Rabbi Nathan Laufer tells a story of his grandfather: Before his family was sent to a concentration camp, he buried the family’s silver. The grandfather was murdered in Auschwitz, and when the family returned to their town, they found that their silver had been ransacked, but an Elijah’s cup, used at the seder, remained. The grandmother gave the cup to her son who later gave it to his son, Rabbi Laufer, who has used it throughout his life.

At Laufer’s family seders, true stories of survival and liberation from the concentration camps were woven seamlessly into the text of the haggadah. A senior fellow at the Shalem Center in Jerusalem and president emeritus of the Wexner Heritage Foundation, he has distilled more than 20 years of thinking about and studying the haggadah into his new book, “Leading the Passover Journey: The Seder’s Meaning Revealed, the Haggadah’s Story Retold.”

The book is different from other books in that it points to underlying meaning in the seder. By taking the reader through the different steps of the seder, offering his original interpretations, he shows a kind of inner choreography; in fact, he demonstrates how the different pieces of the haggadah fit together to form a coherent and powerful whole. In his reading, the text follows the chronological story of the Book of Exodus, and every item in the seder mirrors the order of the journey from slavery to redemption.

He draws parallels, for example, between the ceremony of yachatz, the breaking of the middle matzah, and the story of Moses, as told in the second chapter of Exodus. The broken piece, which becomes the afikomen and is retrieved during tzafun, the hidden one, is like the baby Moses, who is wrapped in secrecy and hidden out of sight. Later on, Moses reappears and redeems the people from bondage. The Torah uses the root z-f-n to denote the child’s hiddenness; this is the only place where the root with that meaning is also used in the haggadah. Laufer believes is it no coincidence.

Moses is hidden not only symbolically in a napkin but also in the haggadah text. Laufer explains that the haggadah is intent on telling the story of the Exodus as “a tale of the unmitigated love between God and the Jewish people. The authors of the haggadah did not want to hinge that relationship based on the presence — or absence — of a human leader, not even one as great as Moses.”
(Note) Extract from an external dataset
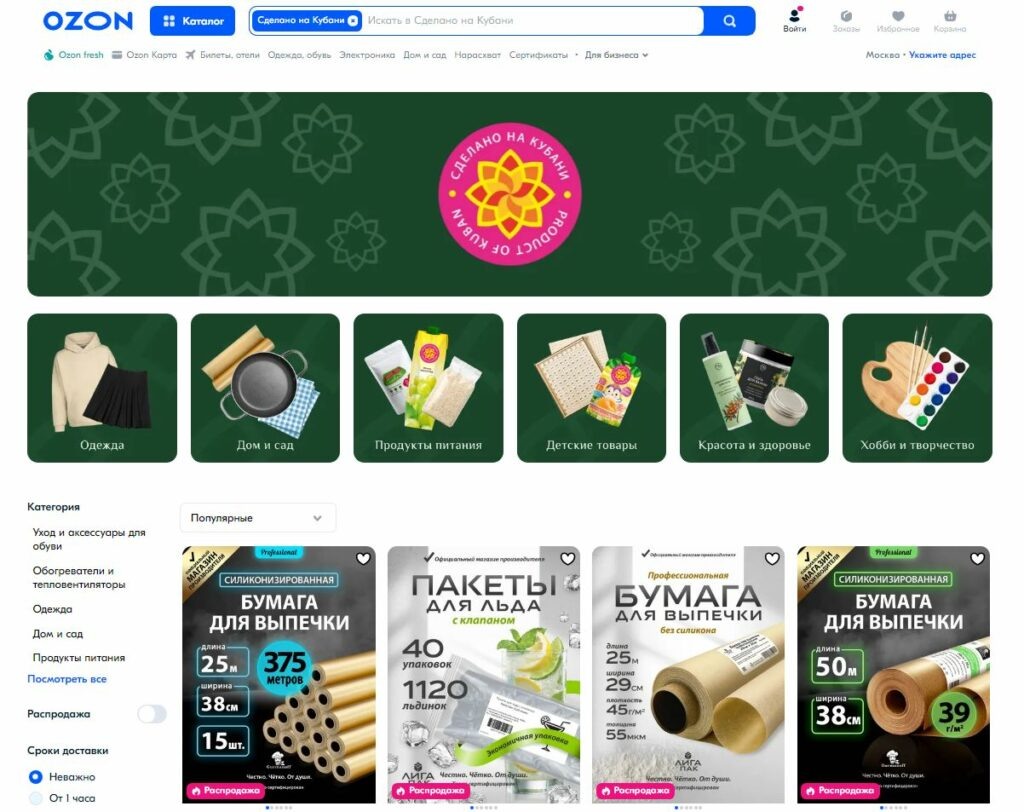 На крупной онлайн-платформе Ozon заработал специальный раздел «Сделано на Кубани». Теперь предприниматели из Краснодарского края могут бесплатно представить свою продукцию широкой аудитории. Проект стал частью инициативы «Сделано в России» и реализуется при поддержке краевого департамента потребительской сферы.

Laufer, a resident of New Jersey who has spent the last few years in Israel, was back in New York recently. He said that the point of the haggadah is “not to read, but to tell. You bring your own imagination and experience to the story.”

“I always considered the haggadah to be the people’s Torah, the core story of the Torah told by the people, for the people,” he continued.

“If you get so much into the story that you lose yourself, then you have achieved what the haggadah and seder try to achieve, to get you to feel, for at least moments, that you were a slave.”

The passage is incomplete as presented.